* [Dataset content]:
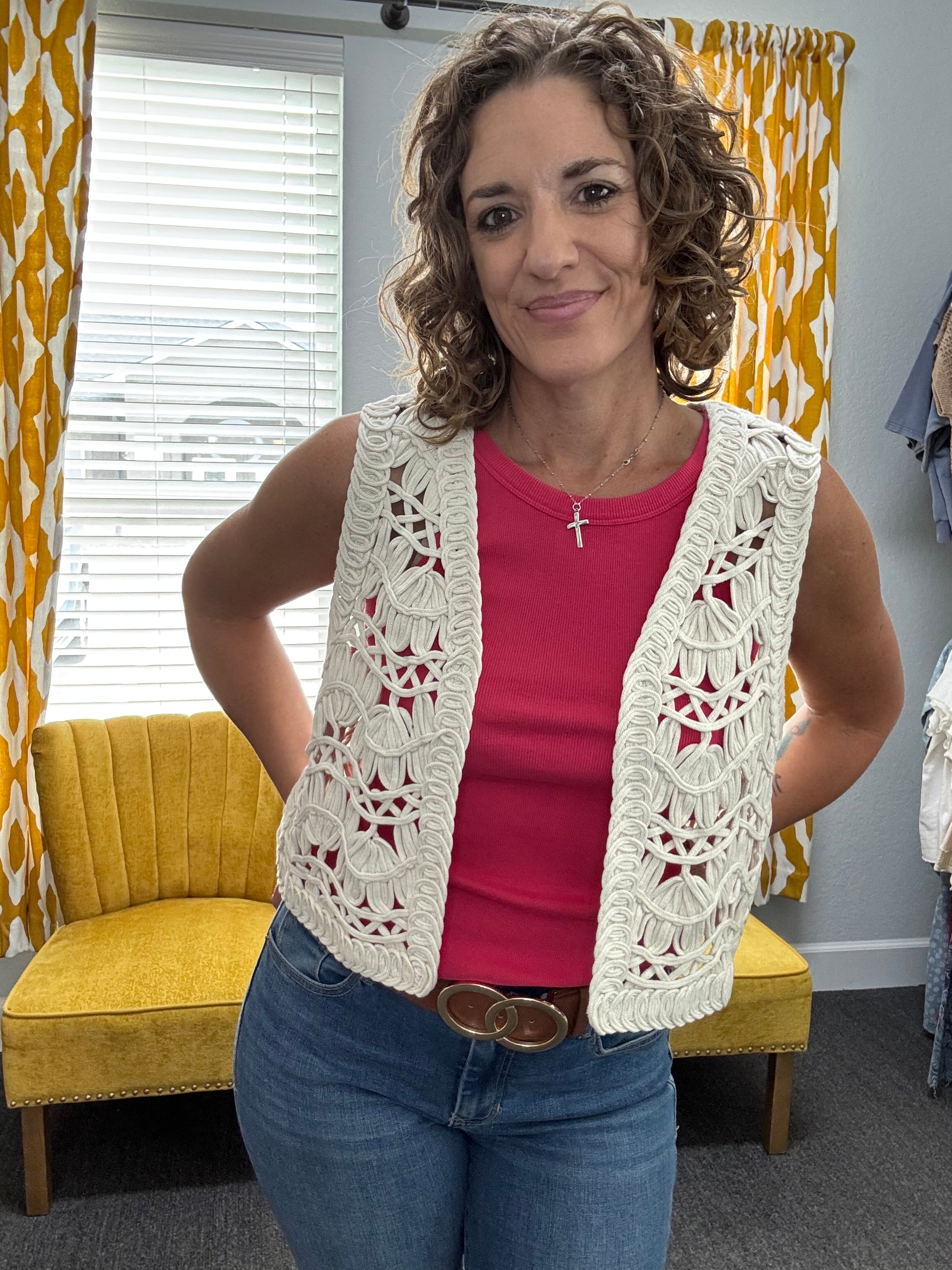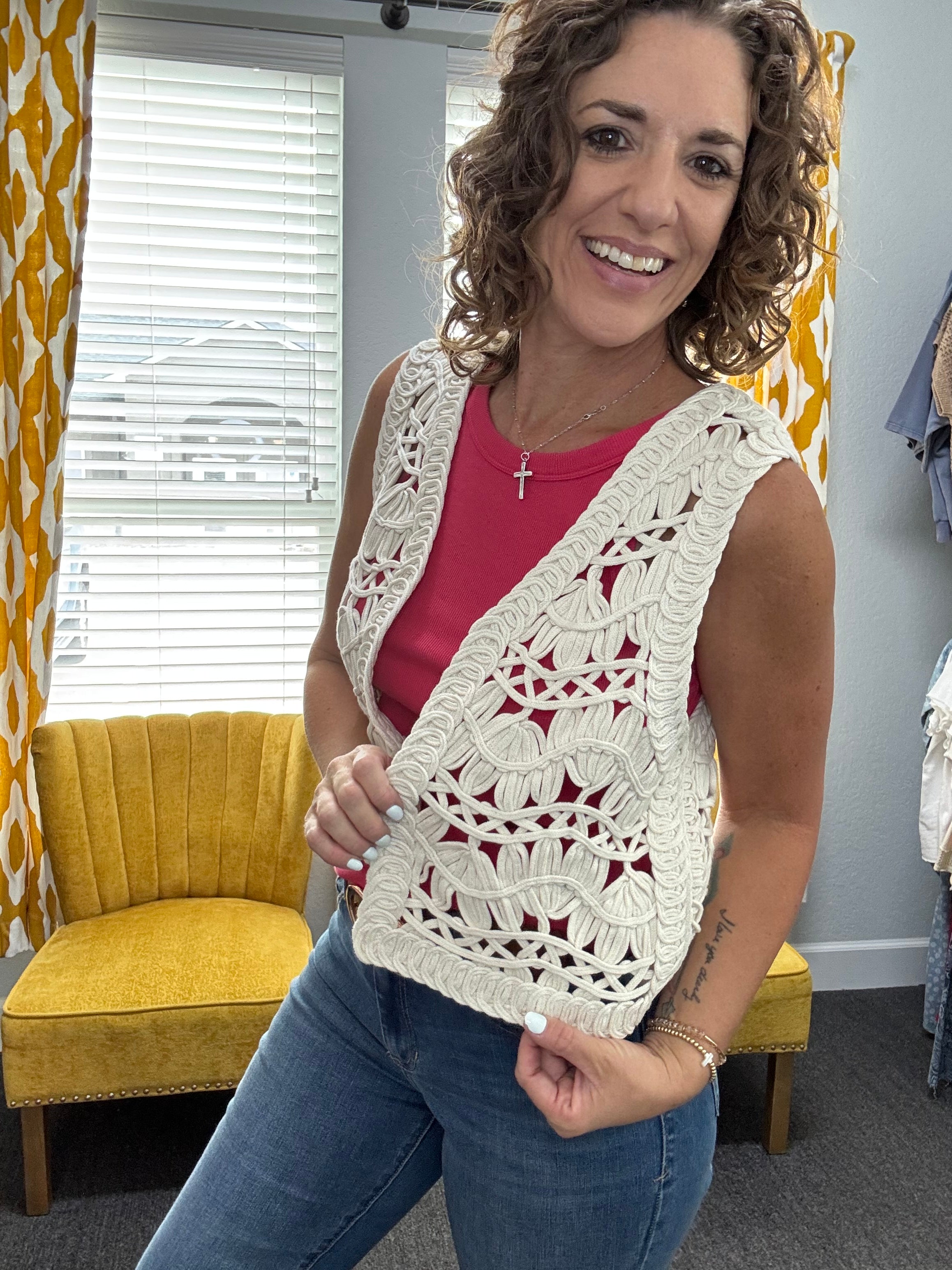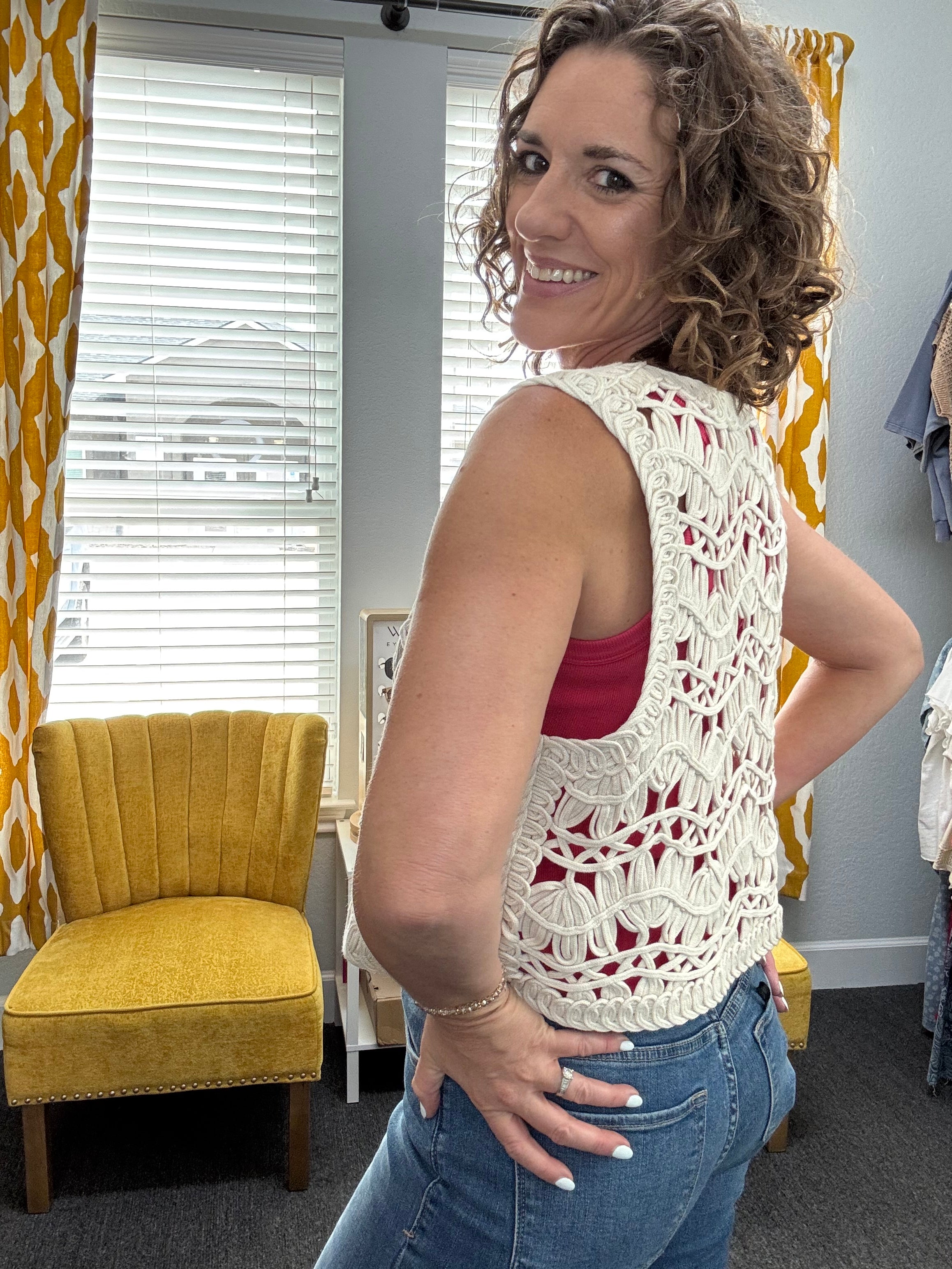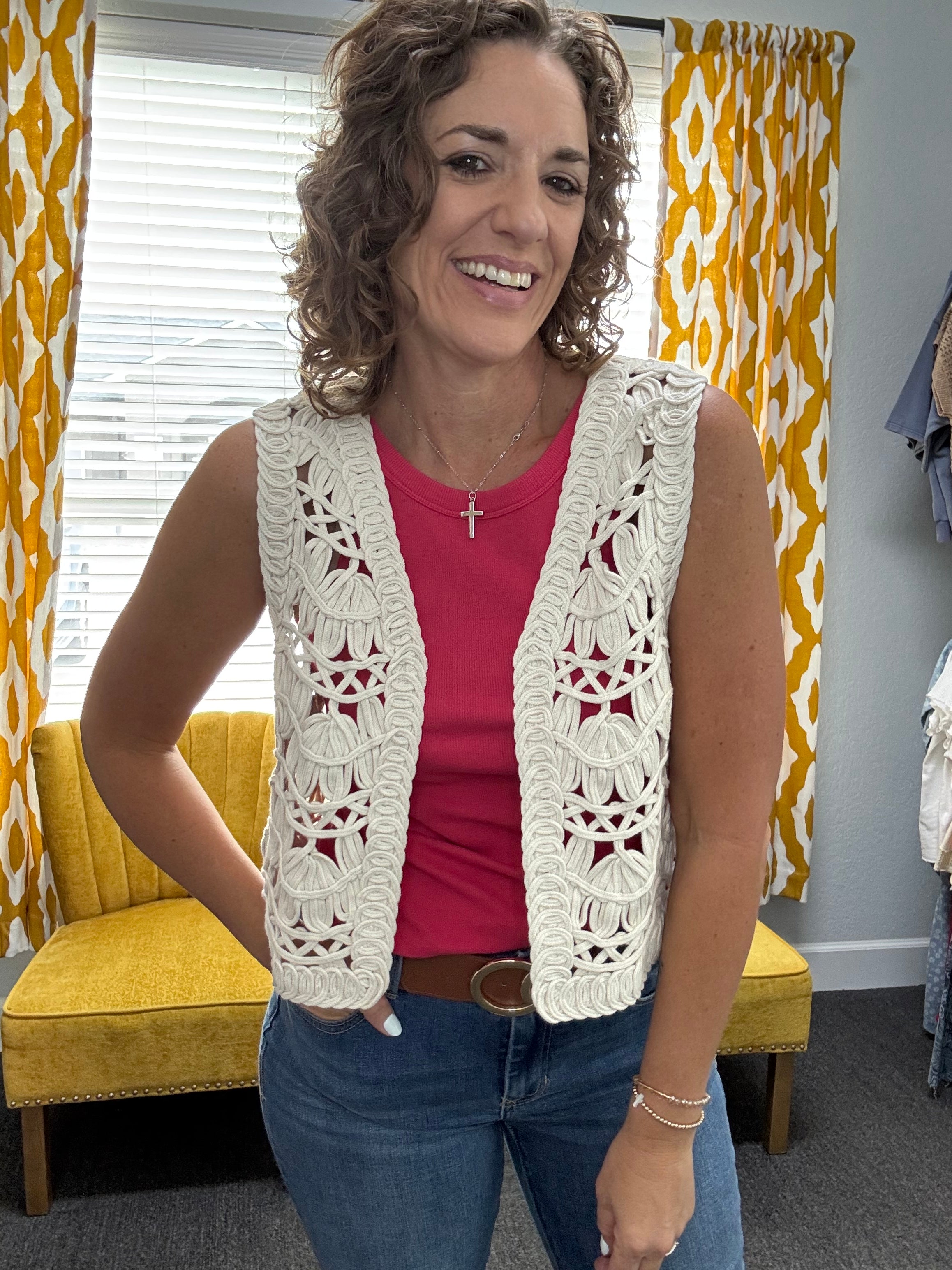 The Briza Crochet Vest features a delicate open-knit design that layers beautifully over your favorite tees, tanks, or even swim. Designed with a flattering cropped silhouette, this piece adds the perfect touch of texture while the vintage cream hue pairs seamlessly with everything in your closet. Perfect for beach days, casual outings, or adding a little charm to your everyday look.
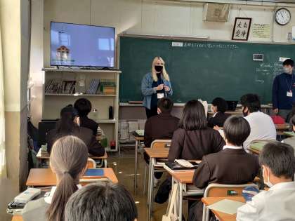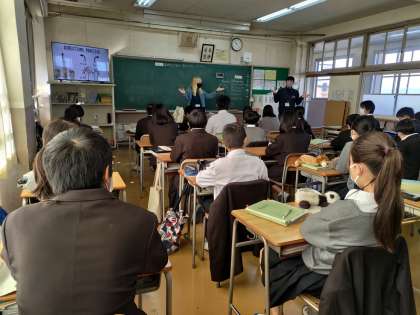 大東市教育委員会の指導主事先生がAETの先生の授業の様子を参観しに来られました。
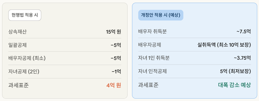 개정안 하에서는 상속인별로 개별 계산하는 구조이므로, 아파트 상속세 부담이 현행보다 낮아지는 경우가 많을 것으로 예상됩니다. 특히 배우자 공제 최저 보장액이 5억에서 10억으로 확대되는 점이 큽니다.
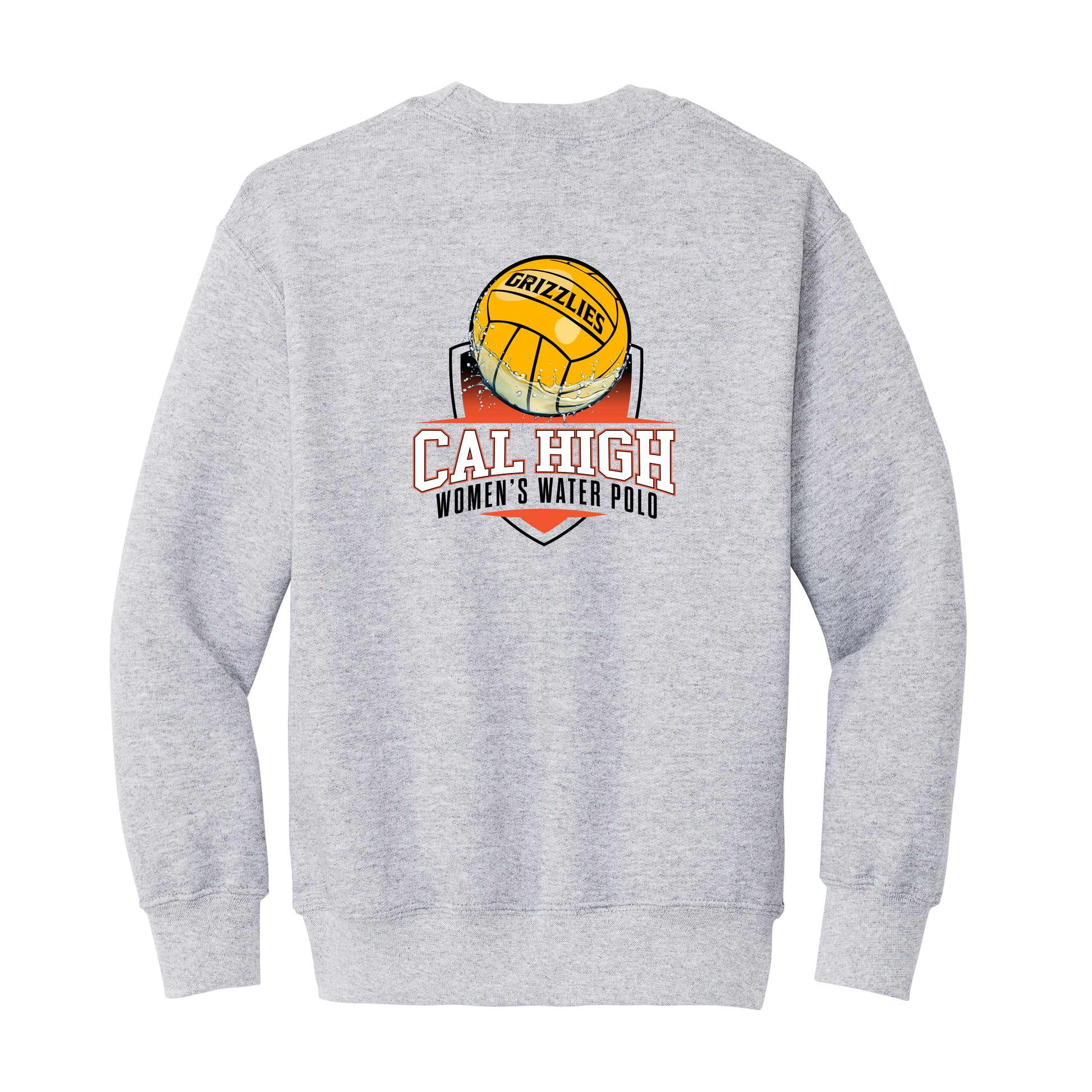Classic, cozy, and full of team pride. Crafted from a soft 50/50 cotton-poly blend with a smooth air jet yarn finish, this crewneck is built for comfort that lasts. Featuring the Grizzlies water polo ball on the front and the bold Cal High Women’s Water Polo logo on the back, it’s the perfect layer for cool mornings, spirit days, or post-practice hangouts.

* [Task]: Write out exactly, and only, the lines from the line holding "개정안 하에서는 상속인별로" through the end of the data, inclusive, without any pictures.

* [Answer]:
 개정안 하에서는 상속인별로 개별 계산하는 구조이므로, 아파트 상속세 부담이 현행보다 낮아지는 경우가 많을 것으로 예상됩니다. 특히 배우자 공제 최저 보장액이 5억에서 10억으로 확대되는 점이 큽니다.
Classic, cozy, and full of team pride. Crafted from a soft 50/50 cotton-poly blend with a smooth air jet yarn finish, this crewneck is built for comfort that lasts. Featuring the Grizzlies water polo ball on the front and the bold Cal High Women’s Water Polo logo on the back, it’s the perfect layer for cool mornings, spirit days, or post-practice hangouts.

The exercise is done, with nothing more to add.